为解决这一系列问题，本文提出了NEO-ov，一种纯粹端到端的原生一体化视觉-语言模型架构。该模型摒弃了传统的外部视觉编码器，采用单一的decoder-only结构，通过引入统一的序列化方案，将多图像、视频帧和文本融合为连续的输入序列。核心创新在于空间-时间混合注意力机制和旋转位置编码（RoPE），实现跨模态的空间和时间关系建模。训练方面，模型经过三阶段优化：大规模图文预训练，跨模态空间-时间推理增强，以及高质量指令调优，确保模型在多任务、多场景中的泛化能力。
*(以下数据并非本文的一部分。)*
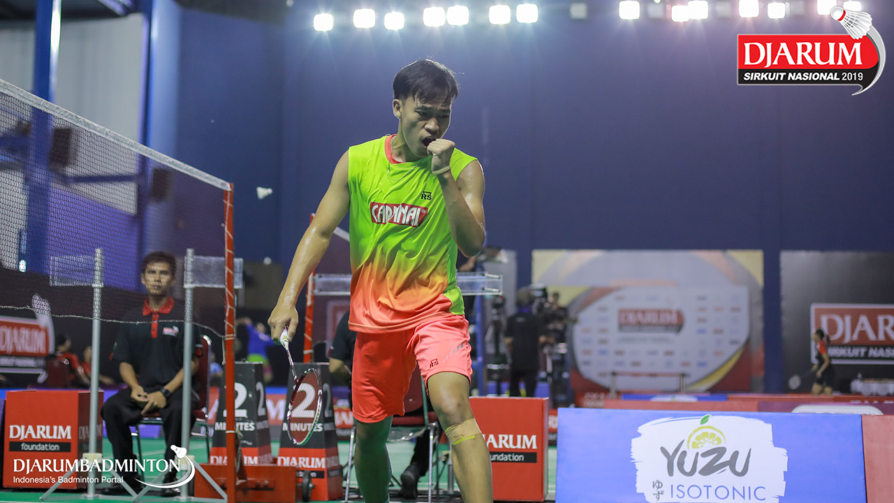 Ekspresi kemenangan Yudha Putra Pramudia (Mutiara Cardinal, Bandung)
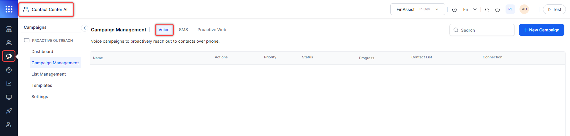 You can access Campaigns by going to Contact Center AI > Campaigns > Proactive Outreach > Campaign Management.

实验结果显示，NEO-ov在多个公开数据集上均优于传统模块化模型，尤其在细粒度感知、空间推理和长序列理解任务中表现突出。例如，在VLMEvalKit的图像理解任务中，最高达54.7%的准确率，超越同期主流模型；在视频理解任务中，性能提升明显，达到了60.4%的准确率。模型还在空间智能任务中展现出优异的几何推理能力，验证了其在复杂空间关系建模中的潜力。这些成果不仅彰显了纯粹端到端架构的优势，也为未来多模态AI的发展提供了新思路。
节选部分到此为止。